*ABOUT THIS EXERCISE:* Return each entry word for word, without its pictures.

* * *

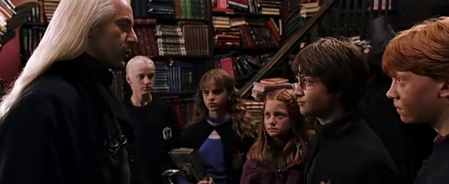 哈利正和一名成年巫师对峙着什么,那个成年巫师看样子应该是德拉科的父亲,因为他们有着一样的发色和专属于他们家的气质。
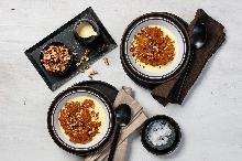 | Baked salted caramel rice pudding recipe - Recipes - delicious.com.au egg yolks, risotto rice, pecan, nuts, vanilla pod, sugar, cream Combine your winter favourites with this salted caramel rice pudding. 1. Preheat oven to 150 C fan (170 C conventional). 2. Place sugar a medium ovenproof frypan or skillet over medium heat. Once t...
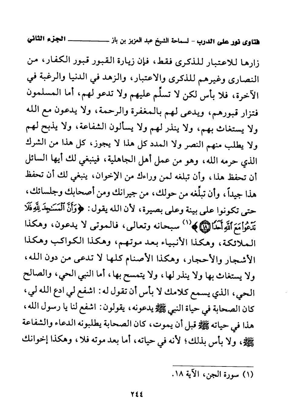 فينبغي لك أيها السائل أن تحفظ هذا، وأن تبلغه لمن وراءك من الإخوان، ينبغي لك أن تحفظ هذا جيدا، وأن تبلغه من حولك، من جيرانك ومن أصحابك وجلسائك، حتى تكونوا على بينة وعلى بصيرة، لأن الله يقول: {وَأَنَّ الْمَسَاجِدَ لِلَّهِ فَلَا تَدْعُوا مَعَ اللَّهِ أَحَدًا} (¬1) سبحانه وتعالى، فالموتى لا يدعون، وهكذا الملائكة، وهكذا الأنبياء بعد موتهم، وهكذا الكواكب وهكذا الأشجار والأحجار، وهكذا الأصنام كلها لا تدعى من دون الله، ولا يستغاث بها ولا ينذر لها، ولا يتمسح بها، أما النبي الحي، والصالح الحي، الذي يسمع كلامك لا بأس أن تقول له: اشفع لي ادع الله لي، كان الصحابة في حياة النبي صلى الله عليه وسلم يدعونه، يقولون: اشفع لنا يا رسول الله، هذا في حياته صلى الله عليه وسلم قبل أن يموت، كان الصحابة يطلبونه الدعاء والشفاعة صلى الله عليه وسلم، ولا بأس بذلك؛ لأنه في حياته، أما بعد موته فلا، وهكذا إخوانك
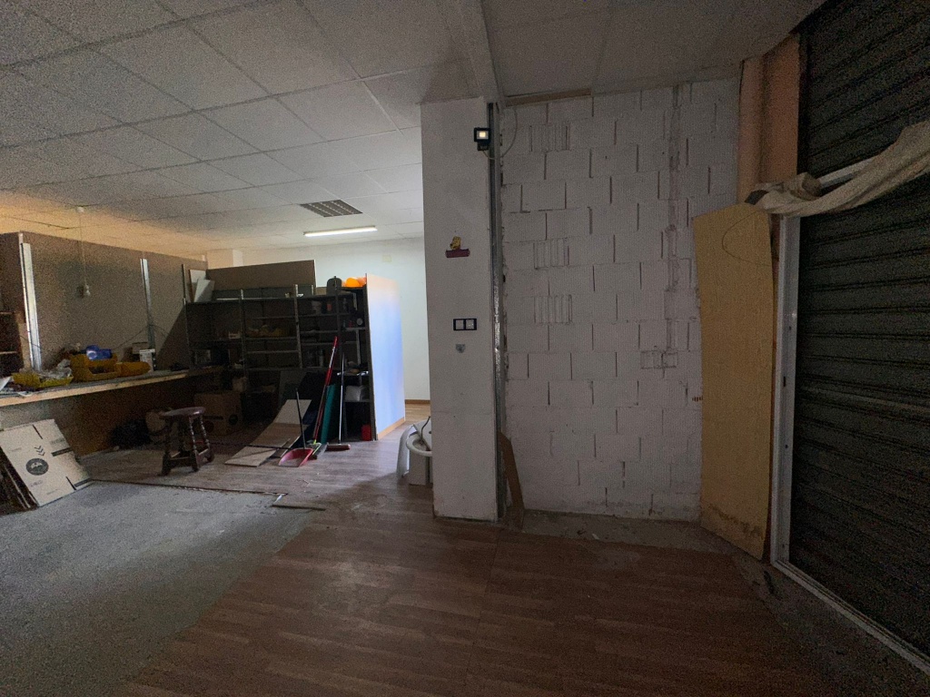 Local comercial diáfano de 94m2, ubicado en la Nucía. Cuenta con salida de humos, un baño con plato de ducha y una habitación utilizada como oficina. En las imágenes se puede observar una separación en el local en dos áreas, aunque se puede dejar totalmente diáfano sin inconveniente. Cuenta con una entrada a través de una puerta a pie y también tiene la puerta de garaje con persiana, perfecta para descargar mercancía, etc.
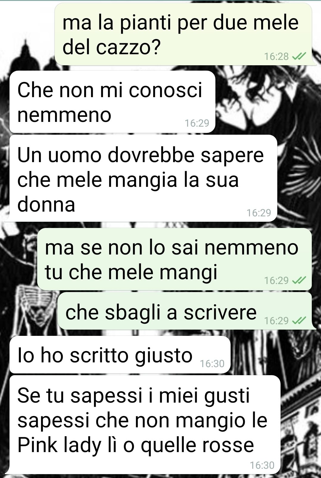Secondo il suo racconto, leggendo la chat emerge chiaramente che l’errore nella faccenda sarebbe tutto della sua compagna. Nonostante ciò, lei avrebbe continuato ad attaccarlo senza tregua, accusandolo e scaricando su di lui ogni colpa. Anche quando il nostro fan sottolinea di aver chiesto il parere a ben due addetti del reparto frutta per avere conferma sulla scelta, la risposta sarebbe stata comunque un attacco a testa bassa.
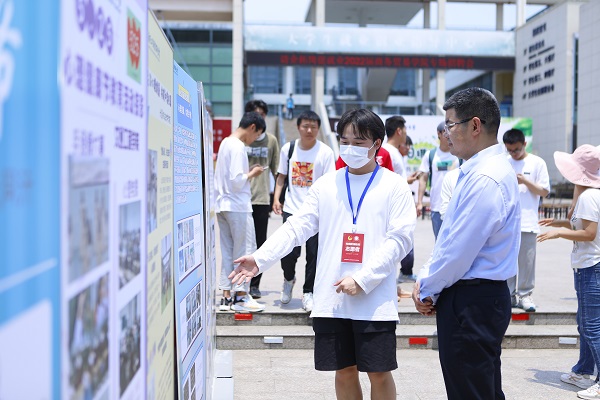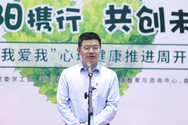 王伟致开幕辞,对同学们提出四点要求:一是善待自己,照顾自己,学会调节情绪;二是包容他人,学会换位思考,和谐人际关系;三是战胜挫折,拥有战胜挫折的信念和接受挑战的能力;四是理解约束,理解学校对同学们暂时的约束,是为了同学们的人身安全及学校更好的发展。随后,王伟为朋辈心理工作者先进代表赠书,强调班级心理委员、院心理部成员、校心协成员作为朋辈心理工作者,是心理工作的重要力量,为建设学校四级心理预警体系发挥了重要作用。王伟还参观了各学院心理健康工作总结展示区,并与同学们亲切交流。
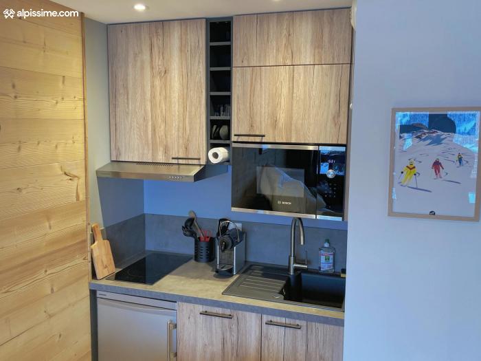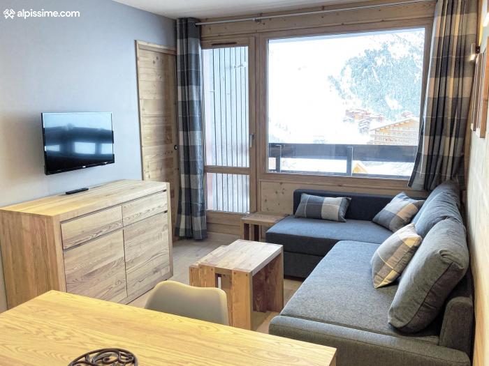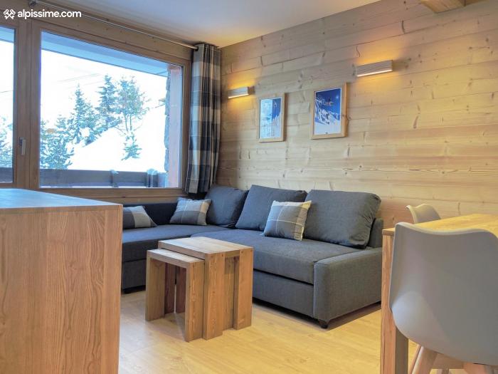 2 pièces + coin montagne fermé (28 m2), dans un petit immeuble calme, avec accès direct aux pistes depuis le casier à ski, à proximité des commerces et des transports.
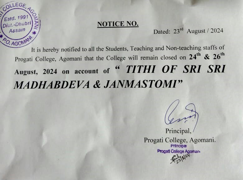 Notice for Tithi of Sri Sri Madhabdeva & Janmastomi 2024 |
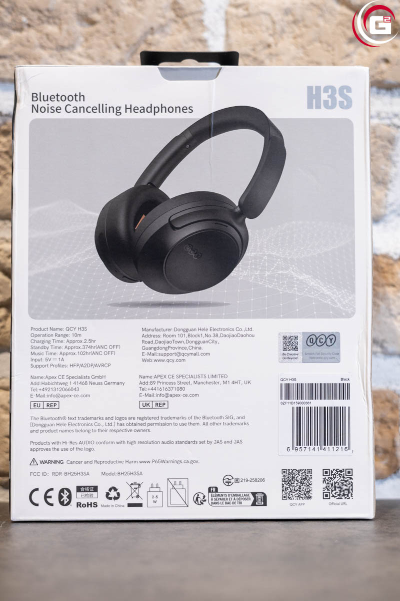 Die QCY H3S werden in einer überraschend kompakten Umverpackung geliefert. Diese folgt dem charakteristischen Design und setzt auf Weiß als Grundfarbe, mit zwei Längsseiten in Schwarz. Auf der Vorderseite ist eine Produktabbildung mit Hinweisen auf zentrale technische Features zu finden. Auf der Rückseite sind ausführlichere technische Details aufgelistet.
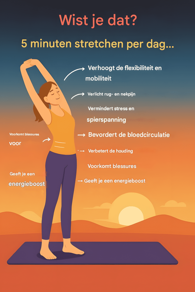We denken vaak dat fitness uren trainen in de sportschool, ingewikkelde routines of dure apparatuur vereist. Maar wat als ik je vertelde dat  slechts vijf minuten per dag  je lichaam kan transformeren? Stretchen is een van de eenvoudigste en meest effectieve gewoonten die je in je dagelijkse routine kunt opnemen – en de resultaten zullen je verbazen.
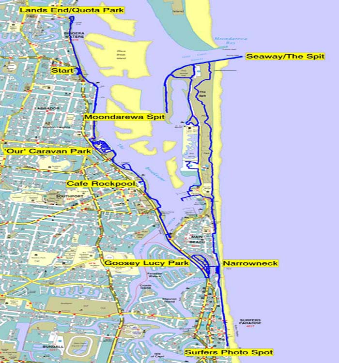 Home to Turnaround Pt down to Surfers via GC600 Park to Robbies Cafe to The Spit (both ends) then back through GC600 Park back to the Turnaround Pt and finally back Home about 60kms.
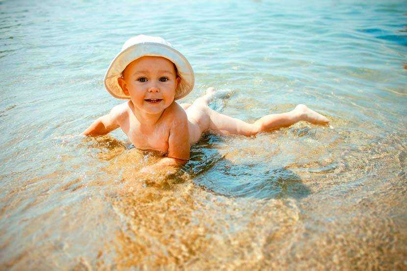 Начинать походы на пляж нужно постепенно. Изначально выходите на полчаса, при этом под прямыми солнечными лучами не проводите больше 5 минут. Затем постепенно увеличивайте время. Не снимайте с ребенка головной убор даже в тени.

* * *

*RESULT FOR THIS EXERCISE:*
 哈利正和一名成年巫师对峙着什么,那个成年巫师看样子应该是德拉科的父亲,因为他们有着一样的发色和专属于他们家的气质。
 | Baked salted caramel rice pudding recipe - Recipes - delicious.com.au egg yolks, risotto rice, pecan, nuts, vanilla pod, sugar, cream Combine your winter favourites with this salted caramel rice pudding. 1. Preheat oven to 150 C fan (170 C conventional). 2. Place sugar a medium ovenproof frypan or skillet over medium heat. Once t...
 فينبغي لك أيها السائل أن تحفظ هذا، وأن تبلغه لمن وراءك من الإخوان، ينبغي لك أن تحفظ هذا جيدا، وأن تبلغه من حولك، من جيرانك ومن أصحابك وجلسائك، حتى تكونوا على بينة وعلى بصيرة، لأن الله يقول: {وَأَنَّ الْمَسَاجِدَ لِلَّهِ فَلَا تَدْعُوا مَعَ اللَّهِ أَحَدًا} (¬1) سبحانه وتعالى، فالموتى لا يدعون، وهكذا الملائكة، وهكذا الأنبياء بعد موتهم، وهكذا الكواكب وهكذا الأشجار والأحجار، وهكذا الأصنام كلها لا تدعى من دون الله، ولا يستغاث بها ولا ينذر لها، ولا يتمسح بها، أما النبي الحي، والصالح الحي، الذي يسمع كلامك لا بأس أن تقول له: اشفع لي ادع الله لي، كان الصحابة في حياة النبي صلى الله عليه وسلم يدعونه، يقولون: اشفع لنا يا رسول الله، هذا في حياته صلى الله عليه وسلم قبل أن يموت، كان الصحابة يطلبونه الدعاء والشفاعة صلى الله عليه وسلم، ولا بأس بذلك؛ لأنه في حياته، أما بعد موته فلا، وهكذا إخوانك
 Local comercial diáfano de 94m2, ubicado en la Nucía. Cuenta con salida de humos, un baño con plato de ducha y una habitación utilizada como oficina. En las imágenes se puede observar una separación en el local en dos áreas, aunque se puede dejar totalmente diáfano sin inconveniente. Cuenta con una entrada a través de una puerta a pie y también tiene la puerta de garaje con persiana, perfecta para descargar mercancía, etc.
Secondo il suo racconto, leggendo la chat emerge chiaramente che l’errore nella faccenda sarebbe tutto della sua compagna. Nonostante ciò, lei avrebbe continuato ad attaccarlo senza tregua, accusandolo e scaricando su di lui ogni colpa. Anche quando il nostro fan sottolinea di aver chiesto il parere a ben due addetti del reparto frutta per avere conferma sulla scelta, la risposta sarebbe stata comunque un attacco a testa bassa.
 王伟致开幕辞,对同学们提出四点要求:一是善待自己,照顾自己,学会调节情绪;二是包容他人,学会换位思考,和谐人际关系;三是战胜挫折,拥有战胜挫折的信念和接受挑战的能力;四是理解约束,理解学校对同学们暂时的约束,是为了同学们的人身安全及学校更好的发展。随后,王伟为朋辈心理工作者先进代表赠书,强调班级心理委员、院心理部成员、校心协成员作为朋辈心理工作者,是心理工作的重要力量,为建设学校四级心理预警体系发挥了重要作用。王伟还参观了各学院心理健康工作总结展示区,并与同学们亲切交流。
 2 pièces + coin montagne fermé (28 m2), dans un petit immeuble calme, avec accès direct aux pistes depuis le casier à ski, à proximité des commerces et des transports.
 Notice for Tithi of Sri Sri Madhabdeva & Janmastomi 2024 |
 Die QCY H3S werden in einer überraschend kompakten Umverpackung geliefert. Diese folgt dem charakteristischen Design und setzt auf Weiß als Grundfarbe, mit zwei Längsseiten in Schwarz. Auf der Vorderseite ist eine Produktabbildung mit Hinweisen auf zentrale technische Features zu finden. Auf der Rückseite sind ausführlichere technische Details aufgelistet.
We denken vaak dat fitness uren trainen in de sportschool, ingewikkelde routines of dure apparatuur vereist. Maar wat als ik je vertelde dat  slechts vijf minuten per dag  je lichaam kan transformeren? Stretchen is een van de eenvoudigste en meest effectieve gewoonten die je in je dagelijkse routine kunt opnemen – en de resultaten zullen je verbazen.
 Home to Turnaround Pt down to Surfers via GC600 Park to Robbies Cafe to The Spit (both ends) then back through GC600 Park back to the Turnaround Pt and finally back Home about 60kms.
 Начинать походы на пляж нужно постепенно. Изначально выходите на полчаса, при этом под прямыми солнечными лучами не проводите больше 5 минут. Затем постепенно увеличивайте время. Не снимайте с ребенка головной убор даже в тени.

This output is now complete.